Covariates in this analysis were assessed at ARIC visit 5 (baseline) unless otherwise stated and included educational attainment (ARIC visit 1), sex, age, smoking status, race, and ARIC center. Use of antihypertensives, H2RAs, anticholinergics, aspirin, and vitamin B₁₂ use were assessed through in-person medication inventory at visit 5. Body mass index (BMI; in kg/m²) was computed from weight and standing height. BMI was categorized into underweight/normal weight, overweight, and obese categories. Very few individuals were in the underweight BMI category. Sitting blood pressure was measured 3 times using a random-zero sphygmomanometer after a 5-minute rest, and the average of the final 2 measurements was used. Hypertension was defined as current use of antihypertensive medication, systolic blood pressure (BP) > 140 mm Hg, or diastolic BP > 90 mm Hg. Diabetes was defined as treatment for diabetes, a fasting glucose level of ≥126 mg/dL, nonfasting glucose level ≥200 mg/dL, and/or a self-reported history of a physician diagnosis of diabetes. APOE4 genotyping has been previously described.²¹ APOE4 was coded as either present, not present, or missing if the participant requested not to have genotyping performed.

Statistical Analysis

Baseline covariates were examined by cumulative PPI exposure categories. Cox proportional hazard models estimated the association of PPI use and risk of incident dementia. We examined PPI exposure as current PPI use and by categories of cumulative PPI use. Follow-up time began at visit 5 and continued until incident dementia, death, loss to follow-up, or end of the follow-up period (December 31, 2017), whichever came first. Models for current PPI use adjusted for the following: model 1: age, sex, race center, education, and APOE4 genotype; model 2: model 1 + body mass index; and model 3: model 2 + current H2RA use, current aspirin use, diabetes mellitus, stroke, and hypertension. Model 3 was not adjusted for anticholinergic use due to small cell sizes.
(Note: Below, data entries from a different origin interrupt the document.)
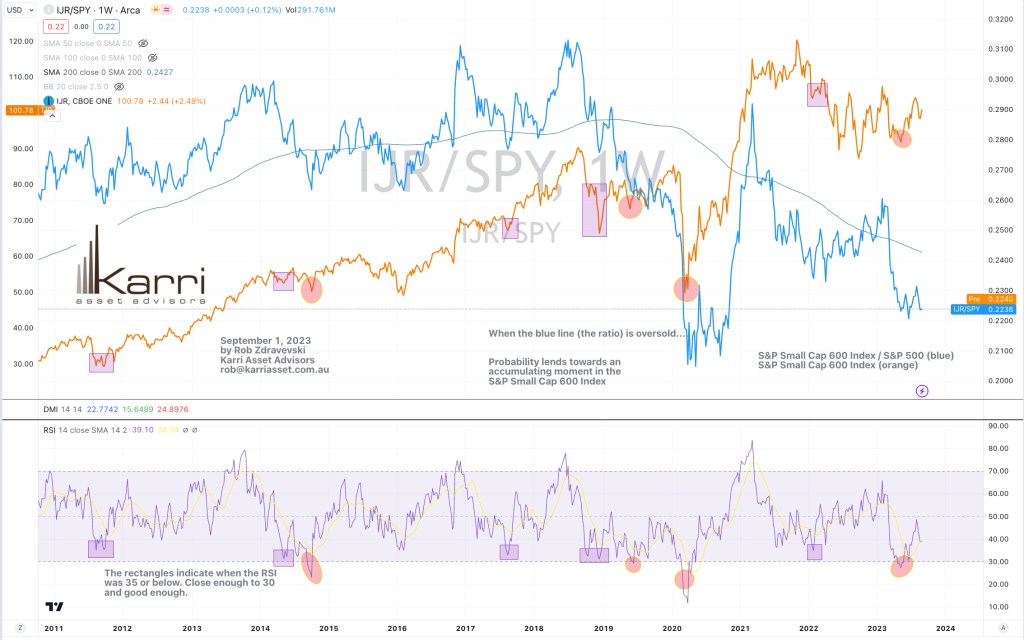 The study below shows the 4 notable times over the past 15 years that the S&P Small Cap 600 Index was oversold when compared to the S&P 500.
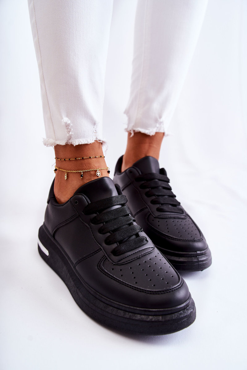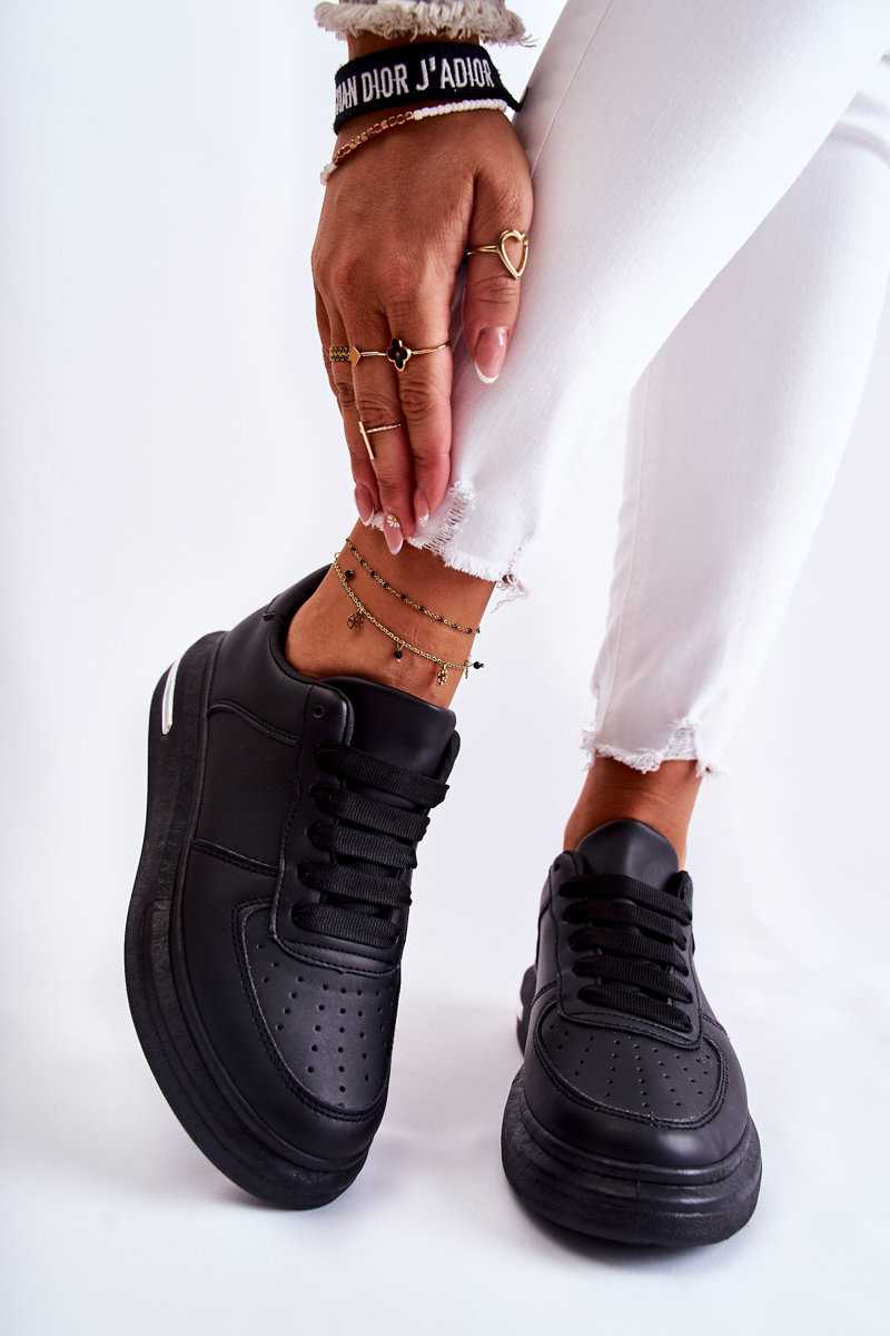Classic sports shoes are made of eco leather. They were mounted on a massive platform with a mirror element. The model is tied with flat laces. A soft insole made of foam is covered with fabric. Model with a perforation on the front, which allows for adequate air circulation. Rounded nose. You absolutely should have them in your wardrobe! When choosing a size, please use the size chart.
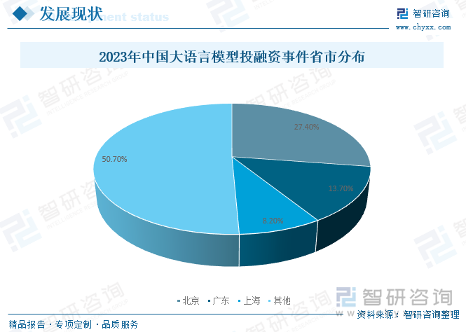 我国大型语言模型投融资事件主要以经济发达、科研技术水平较高的地区为主,北京、上海、广东三个地区大型语言模型投融资事件几乎占据全国一半的市场份额。
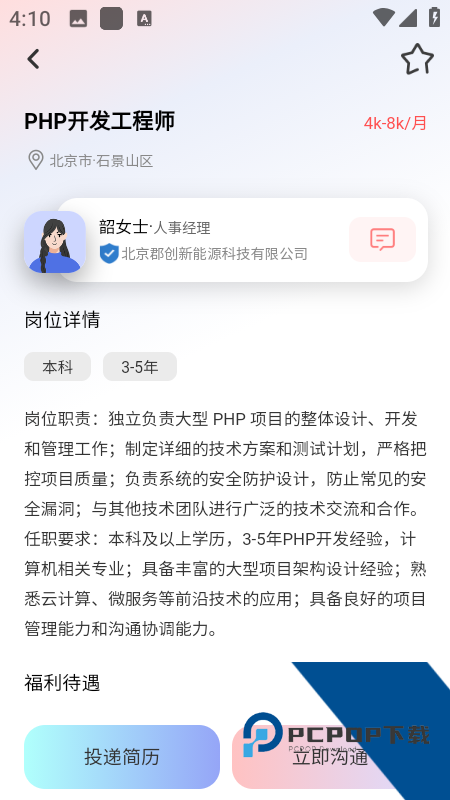 易直聘app是一款专业的全国高薪求职招聘软件,用户可以根据自己的求职需求和基本情况,在线编辑自己的简历信息,也可以在线投递自己的简历,获取更多的就业机会,还可以在求职过程中与招聘者在线沟通,轻松获取详细的职位信息,非常方便。
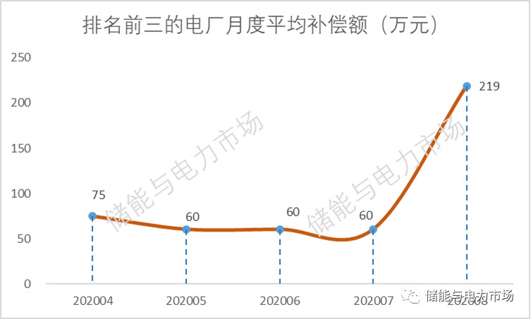 而排名前三的電廠平均月補(bǔ)償額,也從60萬(wàn)左右上升到了超過(guò)200萬(wàn)。
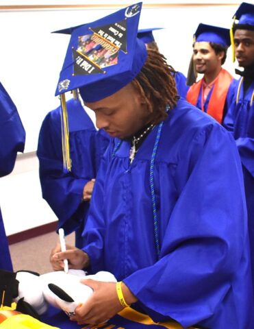 DSC_0026 By Andre Jones | May 31, 2025 12:53 pm Messiyah Greene inks his autograph on a stuff animal to signify the Class of 2025’s bond.

Interaction terms for age, sex, and BMI with PPI use were added to the fully adjusted models to evaluate whether these characteristics modified the association. We also examined whether the addition of participant B₁₂ medication use to model 3 changed our observed results.

Secondary analyses used H2RA use as an active comparator. This design compared PPI use with H2RA use, another drug commonly used for the same indication. The analysis included only individuals who were using either PPIs or H2RAs. The same general methods were used as in the primary analyses. For the current use analysis, the exposure was defined as PPI use at visit 5 compared with use of H2RAs at visit 5. For the cumulative use analysis, due to less frequent use of H2RAs, the exposure was defined as any use of PPIs before visit 5 compared with any use of H2RAs before visit 5. Sensitivity analyses assessed the individual time lengths (i.e., >4.4 cumulative years of PPI use vs > 4.4 cumulative years of H2RA use). Analyses were conducted in RStudio version 3.6.1.²²

Data Availability

Qualified researchers may obtain access to ARIC study data through the NIH National Heart, Lung, and Blood Institute (NHLBI) BioLINCC repository (https://biolincc.nhlbi.nih.gov/home/).

Results

A total of 6,538 participants attended visit 5. Of them, 796 participants were excluded from the current PPI use analysis for the following reasons: prevalent dementia at visit 5 [n = 347], were of Black race at MN or MD study site or were Asian or Native American [n = 40; excluded because of small numbers], missing data at visit 5, including BMI [n = 195], education [n = 9], APOE4 genotype [n = 18], hypertension status [n = 53], diabetes status [n = 104], aspirin use [n = 23], and stroke status [n = 7]. An additional 30 participants were excluded from the cumulative PPI use analysis for having visit 5 before the 2011 annual phone call, due to complications in calculating cumulative exposure when this happened. These participants would have had their exposure calculated after the baseline visit (visit 5). For consistency, 5,712 participants were used for the cumulative PPI use and current PPI use analyses.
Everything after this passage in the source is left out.